• Records excerpted from a collection
-- Opening Marker --
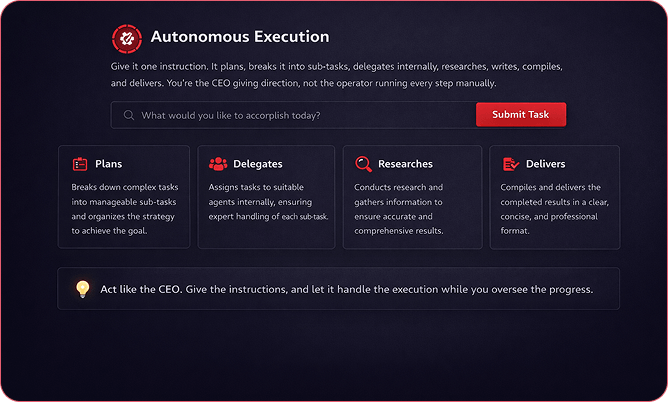 Give it one instruction. It plans, breaks it into sub-tasks, delegates internally, researches, writes, compiles, and delivers. You're the CEO giving direction, not the operator running every step manually.
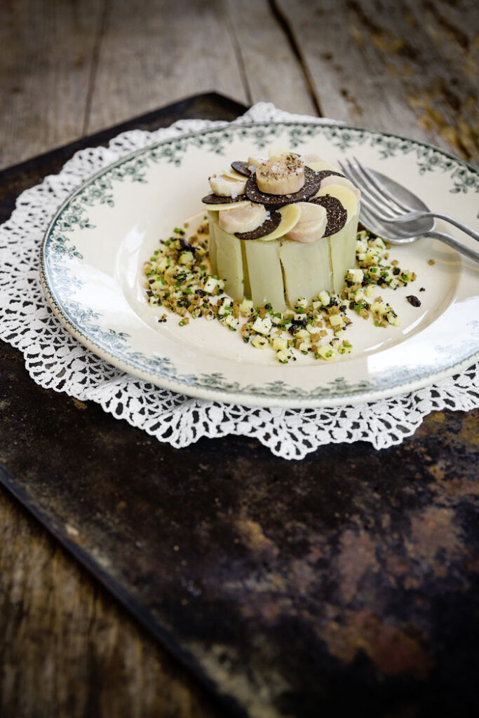 Alain les accommode avec un peu de moelle de bœuf, une émulsion au beaufort, et quand Noé et moi [Delphine] sommes sages, le dimanche, Alain nous ajoute des lamelles de truffes Tuber melanosporum… Allez ! À table ! Bel hiver…
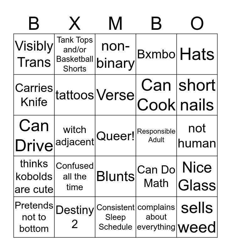 This bingo card has a free space and 24 words: Confused all the time, Destiny 2, Verse, Pretends not to bottom, Hats, Visibly Trans, Carries Knife, Tank Tops and/or Basketball Shorts, Responsible Adult, Blunts, Can Cook, Can Drive, Can Do Math, Nice Glass, tattoos, complains about everything, not human, non-binary, short nails, witch adjacent, sells weed, thinks kobolds are cute, Bxmbo and Consistent Sleep Schedule.
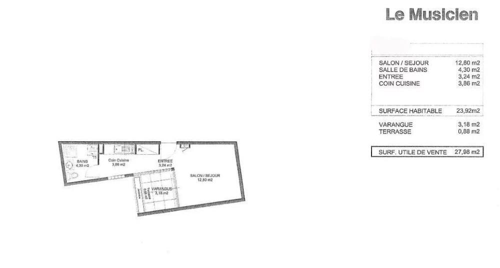 SAINT-DENIS / STUDIO 24 m2 / RESIDENCE LE MUSICIEN / VENDU AVEC LOCATAIRE BAISSE DE PRIX ! EXCLUSIVITE : Studio situé au 3 ème étage, Composé de : 1 séjour : 12.80 m2 1 coin cuisine : 3.86 m2 1 salle de bains : 4.30 m2 1 entrée: 3.24 m2 1 varangue : 4 m2 1 emplacement de parking en sous-sol Loyer : 375 €+ 25 € de provision de charges fin de bail Mai 2027 Taxe foncière : 869 € dont 240 € de TEOM
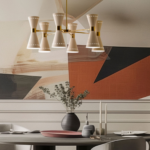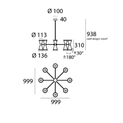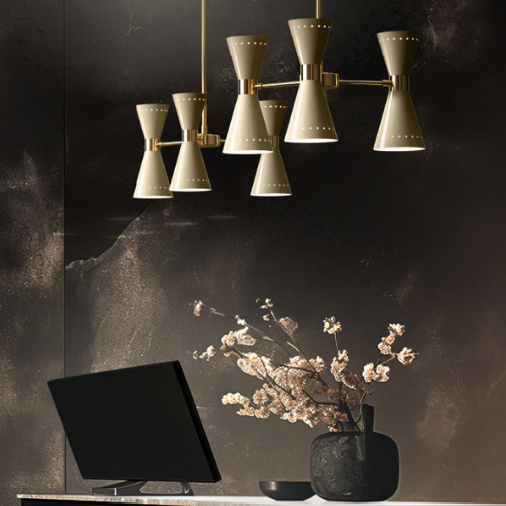Brass body with galvanic gilding, suspended via an interchangeable rigid rod that comes in two sizes (included). Metal lampshades painted in glossy black or ivory. 6W 2700K E14 LED light bulbs included. Brass wire casing.
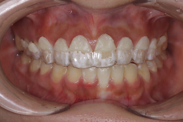 治療後「歯が長くなると、変にならないのか?」そう思われる患者様が多いと思います。このシミュレーションマウスピースを見て頂くことで多くの患者様が安心して治療を受けて頂けます。
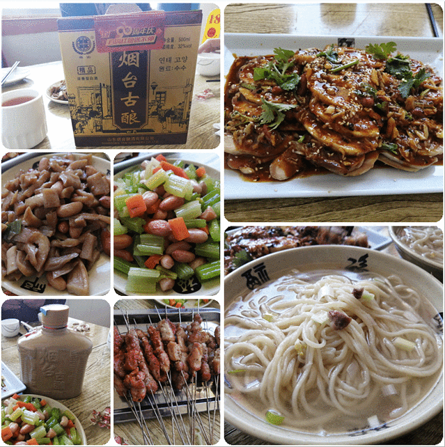 游玩蓬莱阁二个小时,步行回酒店退房。沿烟汕线-蓬栖高速-恒山路到达牟氏庄园,行驶了一个小时70公里,路上车非常少。到了午餐时间,在网上搜了搜,热评的一家小店,就在牟氏庄园的不远处。门口路边有停车位。特色面,是摔面,浇上骨汤,清淡劲道。他家的烤肉非常好吃,在门口用炭火现烤,肉食也很新鲜,价格也不贵。配上几样小菜,吃的饱饱的。。。
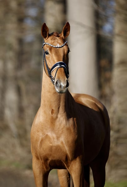 Kapital aufgemachtes Dressurpferd in schöner Typgebung und gut modellierter Aufmachung. Gut angeritten und bereits bestens balanciert, offeriert er tägliche Leistungsbereitschaft und ideale Ausbildungsqualität bei hervorragenden Reiteigenschaften und erkennbarer Eignung "für mehr". Im Umgang absolut unkompliziert und sympathisch, ohne jegliche Allüren oder Besonderheiten. Ausbilder und Sportreiter aufgepasst: In den richtigen Händen ein Nachwuchspferd für höchste Aufgaben, welches auf sich aufmerksam machen wird. Aus sporterfolgreichem Stamm und grundsolider, gerechter Aufzucht. Gute Röntgenbilder vorhanden und auf Wunsch gerne erhältlich.
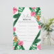Palmas Tropicais Chá de panela de Aquarela. Design apresenta um buquê elegante de cor d'água da praia, com cor verde-d'água e flores, incluindo o hibisco rosa pincelado, laranja e ave azul do paraíso, verde-verde e folha de palma verde-escura.
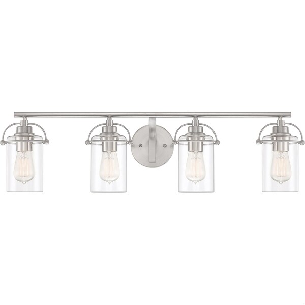 The Emerson's transitional silhouette charms with unique harness-style brackets and simple clear glass shades. Finished in a classic brushed nickel, this collection is sure to complement any décor.
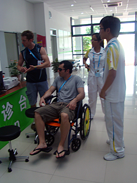 Adrían Ferreira (wheel chair) and Ernesto Stanley arriving at the Universiade Village Polyclinic
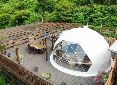 施設概要:ドームテント2台(1テントあたりダブルベット2台を設置し、大人4人まで宿泊可能)
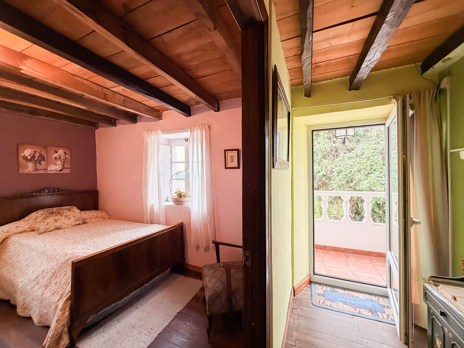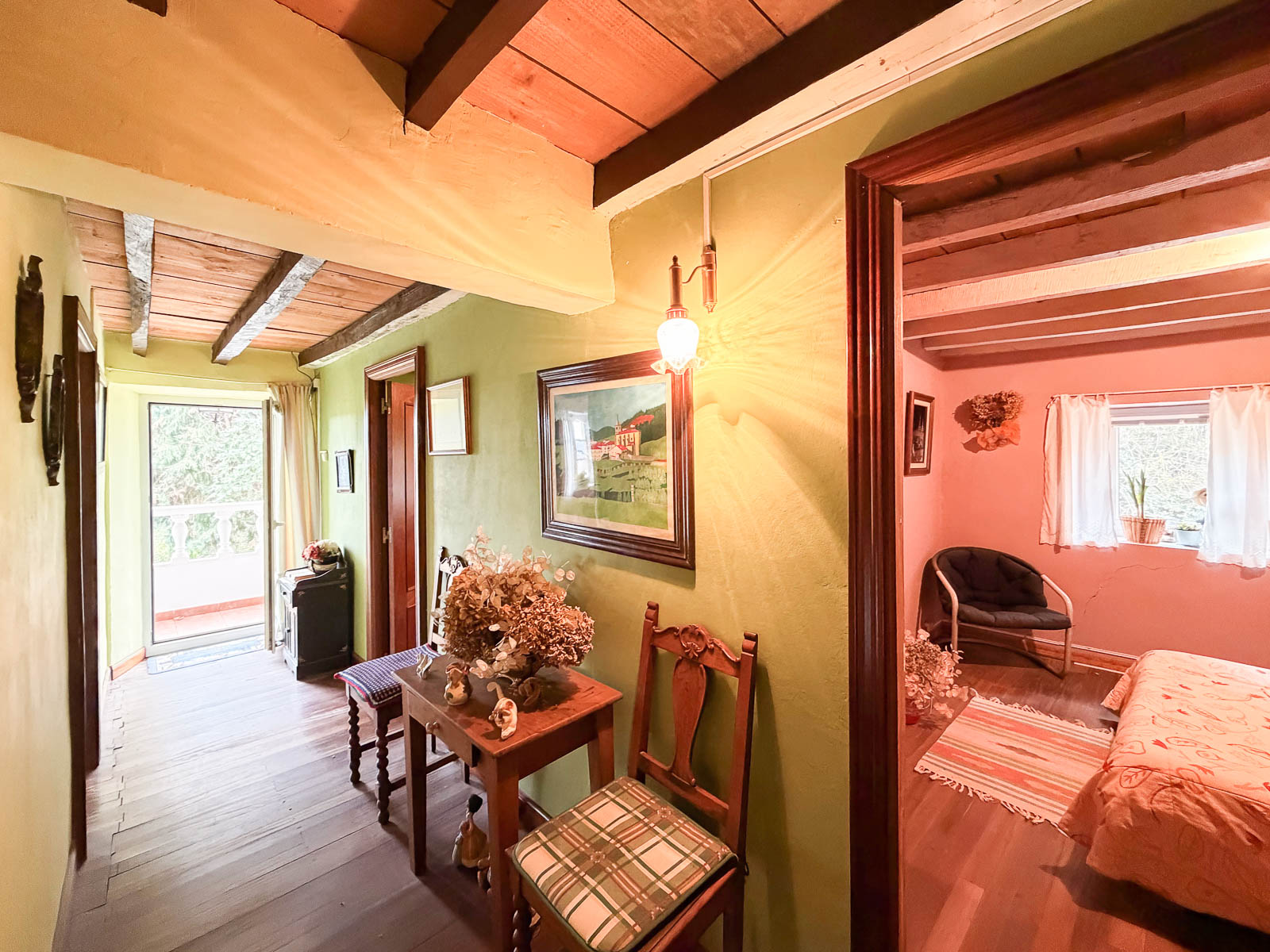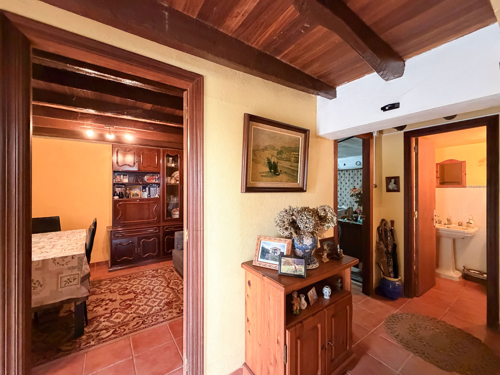 Dentro del silencio y tranquilidad de esta casa, subimos por la escalera, amplia con vistas al mar, y nos encontramos a la derecha un baño reformado y el inicio de la obra de esta zona que corrsponde al espacio de la cuadra y por otro lado, a mano izquierda, tres dormitorios amplios y salida al balcón orientado al este con unas vistas espectaculares del valle y del mar.
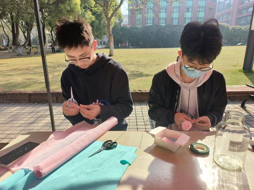 随后,选手们前往博雅广场参加比赛。选手们胸藏妙思,手似游龙,一剪一折,一钩一织,将简简单单的原料变成了精致瑰丽的手工艺品。高敬丹选手通过非物质文化遗产——缠花技术将古代女子腰间配饰“禁步”再现于观众眼前;飘洋过海,叶嘉立选手为我们展示了来自拉丁美洲的“上帝之眼”——曼达拉;跟随潮流,王静瑄将无限春色浓缩于一方“流沙麻将”中。参加活动的其中一组男生选手们,则将祝福与鼓励埋藏于一朵朵折纸玫瑰与褶皱纸玫瑰中,献给所有的女生。
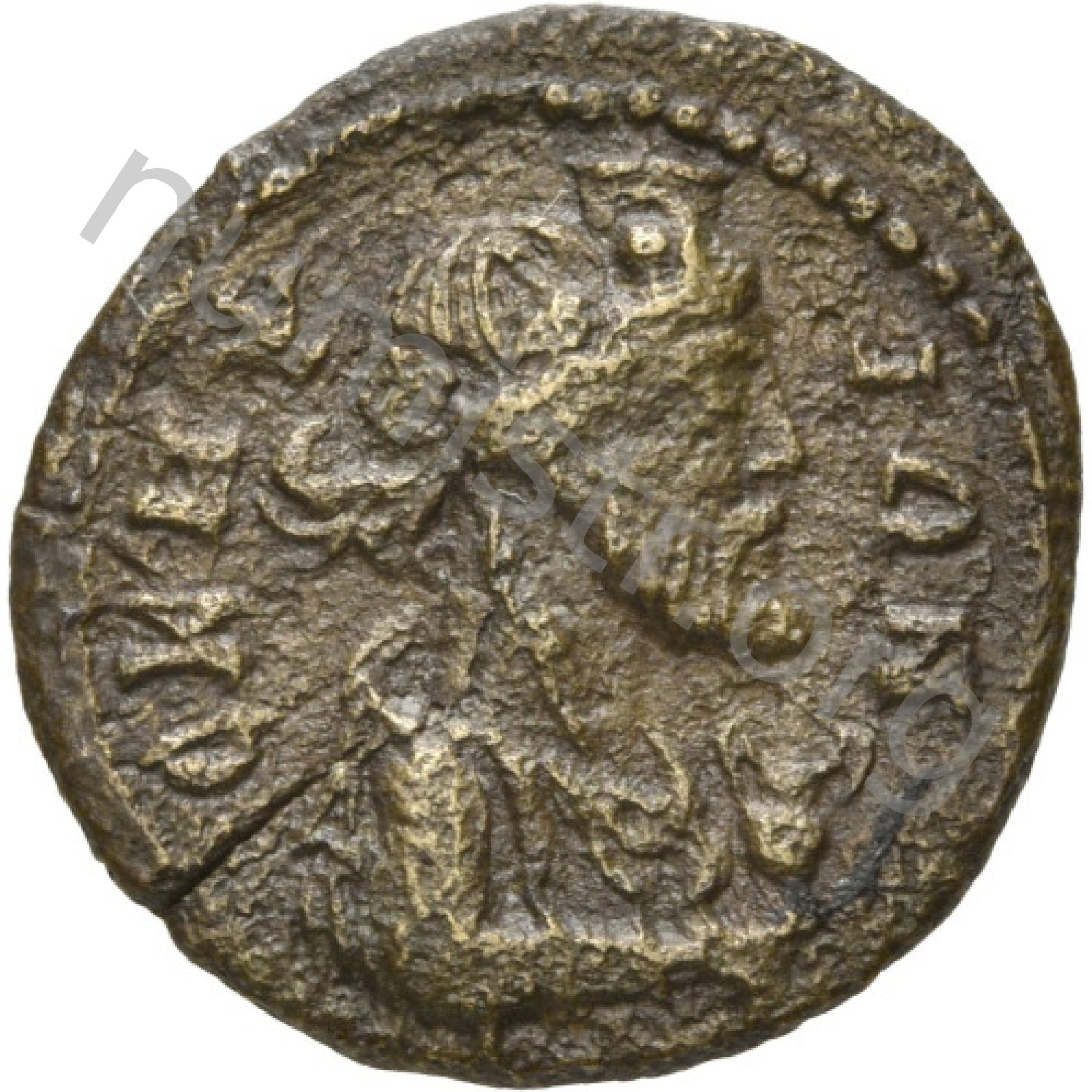 Dionysos'un örtülü sakallı büstü sağa doğru sarmaşık çelengi ve kalathos takıyor; sağ elinde kantharos tutuyor.
-- Closing Marker --
• What the task asks
Exact copy, pictures excluded: restate every record above word for word.

• Task solution
 Give it one instruction. It plans, breaks it into sub-tasks, delegates internally, researches, writes, compiles, and delivers. You're the CEO giving direction, not the operator running every step manually.
 Alain les accommode avec un peu de moelle de bœuf, une émulsion au beaufort, et quand Noé et moi [Delphine] sommes sages, le dimanche, Alain nous ajoute des lamelles de truffes Tuber melanosporum… Allez ! À table ! Bel hiver…
 This bingo card has a free space and 24 words: Confused all the time, Destiny 2, Verse, Pretends not to bottom, Hats, Visibly Trans, Carries Knife, Tank Tops and/or Basketball Shorts, Responsible Adult, Blunts, Can Cook, Can Drive, Can Do Math, Nice Glass, tattoos, complains about everything, not human, non-binary, short nails, witch adjacent, sells weed, thinks kobolds are cute, Bxmbo and Consistent Sleep Schedule.
 SAINT-DENIS / STUDIO 24 m2 / RESIDENCE LE MUSICIEN / VENDU AVEC LOCATAIRE BAISSE DE PRIX ! EXCLUSIVITE : Studio situé au 3 ème étage, Composé de : 1 séjour : 12.80 m2 1 coin cuisine : 3.86 m2 1 salle de bains : 4.30 m2 1 entrée: 3.24 m2 1 varangue : 4 m2 1 emplacement de parking en sous-sol Loyer : 375 €+ 25 € de provision de charges fin de bail Mai 2027 Taxe foncière : 869 € dont 240 € de TEOM
Brass body with galvanic gilding, suspended via an interchangeable rigid rod that comes in two sizes (included). Metal lampshades painted in glossy black or ivory. 6W 2700K E14 LED light bulbs included. Brass wire casing.
 治療後「歯が長くなると、変にならないのか?」そう思われる患者様が多いと思います。このシミュレーションマウスピースを見て頂くことで多くの患者様が安心して治療を受けて頂けます。
 游玩蓬莱阁二个小时,步行回酒店退房。沿烟汕线-蓬栖高速-恒山路到达牟氏庄园,行驶了一个小时70公里,路上车非常少。到了午餐时间,在网上搜了搜,热评的一家小店,就在牟氏庄园的不远处。门口路边有停车位。特色面,是摔面,浇上骨汤,清淡劲道。他家的烤肉非常好吃,在门口用炭火现烤,肉食也很新鲜,价格也不贵。配上几样小菜,吃的饱饱的。。。
 Kapital aufgemachtes Dressurpferd in schöner Typgebung und gut modellierter Aufmachung. Gut angeritten und bereits bestens balanciert, offeriert er tägliche Leistungsbereitschaft und ideale Ausbildungsqualität bei hervorragenden Reiteigenschaften und erkennbarer Eignung "für mehr". Im Umgang absolut unkompliziert und sympathisch, ohne jegliche Allüren oder Besonderheiten. Ausbilder und Sportreiter aufgepasst: In den richtigen Händen ein Nachwuchspferd für höchste Aufgaben, welches auf sich aufmerksam machen wird. Aus sporterfolgreichem Stamm und grundsolider, gerechter Aufzucht. Gute Röntgenbilder vorhanden und auf Wunsch gerne erhältlich.
Palmas Tropicais Chá de panela de Aquarela. Design apresenta um buquê elegante de cor d'água da praia, com cor verde-d'água e flores, incluindo o hibisco rosa pincelado, laranja e ave azul do paraíso, verde-verde e folha de palma verde-escura.
 The Emerson's transitional silhouette charms with unique harness-style brackets and simple clear glass shades. Finished in a classic brushed nickel, this collection is sure to complement any décor.
 Adrían Ferreira (wheel chair) and Ernesto Stanley arriving at the Universiade Village Polyclinic
 施設概要:ドームテント2台(1テントあたりダブルベット2台を設置し、大人4人まで宿泊可能)
 Dentro del silencio y tranquilidad de esta casa, subimos por la escalera, amplia con vistas al mar, y nos encontramos a la derecha un baño reformado y el inicio de la obra de esta zona que corrsponde al espacio de la cuadra y por otro lado, a mano izquierda, tres dormitorios amplios y salida al balcón orientado al este con unas vistas espectaculares del valle y del mar.
 随后,选手们前往博雅广场参加比赛。选手们胸藏妙思,手似游龙,一剪一折,一钩一织,将简简单单的原料变成了精致瑰丽的手工艺品。高敬丹选手通过非物质文化遗产——缠花技术将古代女子腰间配饰“禁步”再现于观众眼前;飘洋过海,叶嘉立选手为我们展示了来自拉丁美洲的“上帝之眼”——曼达拉;跟随潮流,王静瑄将无限春色浓缩于一方“流沙麻将”中。参加活动的其中一组男生选手们,则将祝福与鼓励埋藏于一朵朵折纸玫瑰与褶皱纸玫瑰中,献给所有的女生。
 Dionysos'un örtülü sakallı büstü sağa doğru sarmaşık çelengi ve kalathos takıyor; sağ elinde kantharos tutuyor.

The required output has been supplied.